Background of Invention
Previously, congestive heart failure may have been treated with the use of a blood pump to assist the pumping of blood around the circulatory system of a patient.
A prior art implantable blood pump is described in US Patent 6,609,883 - Woodard et al. in which the blood pump is primarily fabricated from a titanium or its alloys that may include by weight 6% aluminium and 4% vanadium (Ti-6A1-4V). In particular, the pump housing of this blood pump is metallic and includes a magnetic drive motor acting on a hydrodynamic impeller within the pump housing. Whilst the material from which the pump is made is biocompatible, one of the disadvantages with this is that titanium is a relatively costly material to machine.
Blood pumps created from polymers and ceramics have previously been described extensively in this field. Polymers generally have fluid permeable quantities which reduces the biocompatibility, wear resistance and dimensional stability of parts. Ceramics components are generally overly brittle and relatively difficult to machine and manufacture.
It is known to coat components of implantable medical devices with biocompatible materials, which are less likely to promote adverse biological reactions. One such known material is Diamond-Like Carbon (DLC). Whilst DLC is a biocompatible material its use is generally limited to forming thin layers or coatings, typically by ion beam deposition or sputter deposition.
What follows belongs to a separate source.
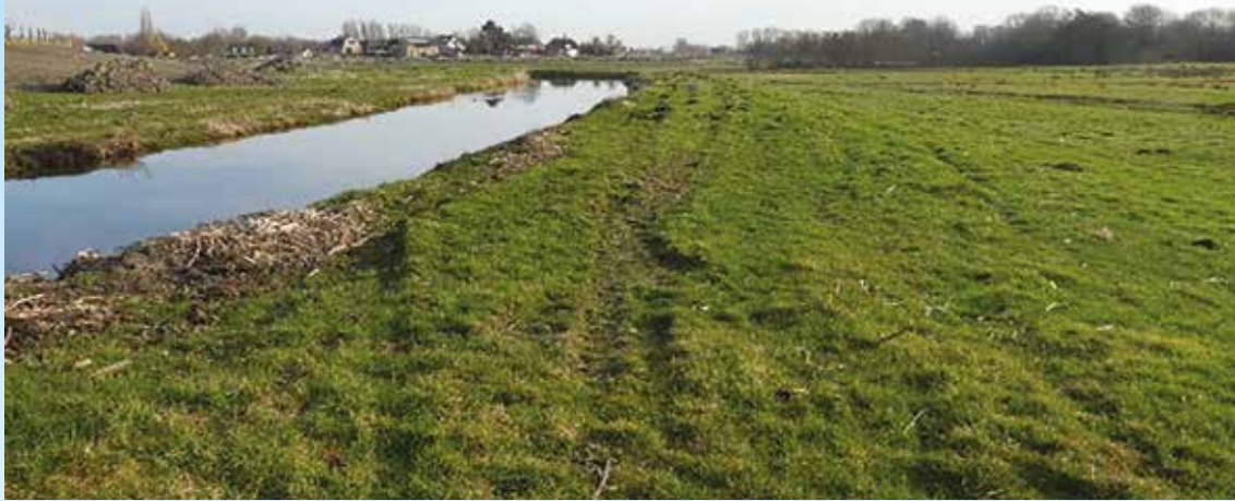
locatie voor het pad langs de tussenboezem

26 De werkgroep Ommoordse Veld Open & Groen is een groep vrijwilligers die ernaar streeft het Ommoordse Veld als natuurgebied te behouden en waar mogelijk de natuurwaarde te verhogen. Wij participeren graag in het overleg over zaken die in het Ommoordse Veld spelen. In dat kader hebben wij onlangs een overleg gehad met Stadsbeheer, de gemeentelijke dienst die verantwoordelijk is voor het onderhoud in het grootste deel van het Ommoordse Veld.

However, DLC cannot be used to manufacture components by moulding or machining.
It is also an object of the present invention to address or ameliorate one or more of the abovementioned disadvantages.
Brief Description of the Invention
In accordance with a first aspect the present invention consists of an implantable rotary blood pump including an impeller adapted to rotate within a pump housing, and a motor having at least one stator mounted on or within the pump housing that interacts with magnetised regions in said impeller, characterised in that at least a portion of said pump is made of glassy carbon.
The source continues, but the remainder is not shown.